The Court of Appeal commented that the proposals for a trial on global claims seemed to be a “recipe for an expensive and insufficiently focused disaster.” Lord Justice Males raised another consideration, stating that there was no pleading that Nigerian law, upon which the claim is based, would allow the claims to proceed on a global basis.

In reaching its decision, the Court of Appeal observed that there was a “major inequality in access to information” and an inequality of resources, meaning that the claimants had to fund the litigation through their lawyers’ willingness to act on a CFA, whereas the sums expended were “relatively…. trifling for the defendants as part of a global organisation such as Shell”.

However, the Court of Appeal made it clear that before the case reached trial, it would be necessary for the residents to plead their case with “sufficient particularity” so that Shell knows the case it must meet. That stage had not yet been reached, according to the court.

As part of the judgment, the Court of Appeal gave three “guiding principles” on the ways the case should be managed. First, the court should strive to ensure that the parties are on equal footing in relation to access to relevant information, with further disclosure required in this case. Second, lead cases should be selected by a collaborative process, with the court being involved as necessary. Third, once the claimants are in possession of a sufficiency of relevant information, they should be required to refine and set out the nature of their case or cases, so that the defendants have a fair understanding of the case they must meet and a fair opportunity to meet it at trial.

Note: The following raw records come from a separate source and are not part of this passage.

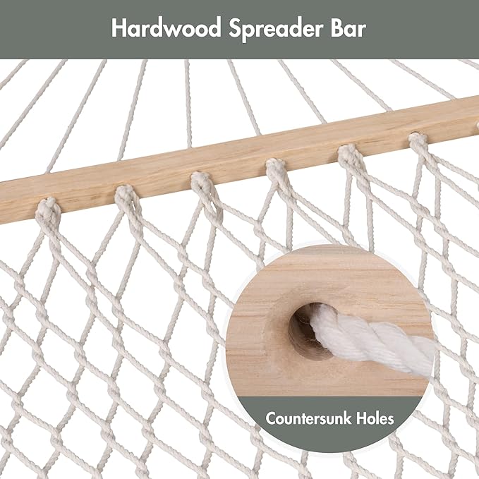 - SPREADER BAR HAMMOCK: 52 inches hardwood spreader bar has countersunk holes, hence reducing the friction between the rope and wood, offering maximum durability and stability. Our hammock significantly outperforms othersโ non-countersunk varieties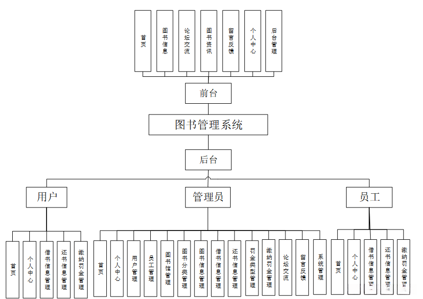 本图书管理系统提供管理员,用户和员工三个用户角色,主要包括首页,个人中心,用户管理,员工管理,图书管理,图书分类管理,图书信息管理,借书信息管理,还书信息管理,罚金类型管理,缴纳罚金管理,论坛交流,留言反馈,系统管理等功能。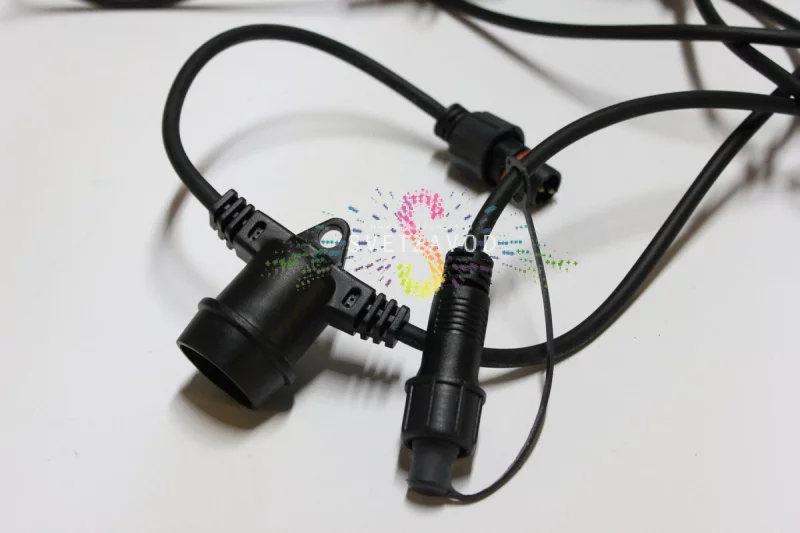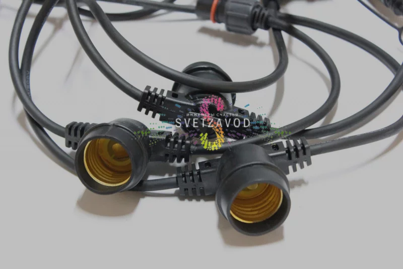 Прочная основа: Двухжильный медный провод в черной каучуковой оболочке — это сердце гирлянды. Каучук сохраняет гибкость в широком температурном диапазоне, не трескается на морозе и защищает от ультрафиолета. Патроны E27 оснащены фиксирующими элементами, которые надежно удерживают лампу, предотвращая ее выпадение от вибрации или ветра.

Katie Hancock, litigation expert at Pinsent Masons, said: “Claimants in ESG group proceedings such as this one often point to a so-called ‘asymmetry of information’ as justification for a lack of specificity in their pleadings. They also point to a disparity in resources between the claimants and the defendant companies. The Court of Appeal’s decision is likely to be welcomed by claimants who argue that their lack of access to information should not constrain the scope or availability of remedies.”

However, she added: “Following this decision, defendants may now find themselves increasingly in the dark as to the claims they must meet until relatively late in proceedings, which may increase costs and reduce the potential for disputes to be settled.”

“Commentators are closely watching the development of case law on ESG mass claims, particularly those involving UK headquartered parent companies. The next stage in these long-running proceedings is expected to be a preliminary issues trial in 2025,” she said.

The underlying claims against Shell and its Nigerian subsidiary were initiated nine years ago. In February 2021, the Supreme Court overturned a 2017 decision by the Court of Appeal, making it possible for the lawsuits to be brought in England. The 2017 ruling had stated that the class actions would have to be heard in a Nigerian court.

“These proceedings were issued in 2015 and 2016, and there remain many steps to be taken before trial. All three Court of Appeal judges stated their view that the litigation should now progress urgently but, given the potential for further disputes around case management, it remains to be seen whether this can be achieved and, if further applications are made, how the courts will address any further delays,” Hancock said.

The matter has been referred back to the High Court to provide the specifics as to how this process should proceed. The Lord Justice Stuart Smith and Lord Justice Males noted that case management decisions in a case like this should be informed by the overriding objective, with Lord Justice Males noting in particular “the court’s obligation to ensure so far as reasonably practicable that the parties are on an equal footing and can participate fully in the proceedings”.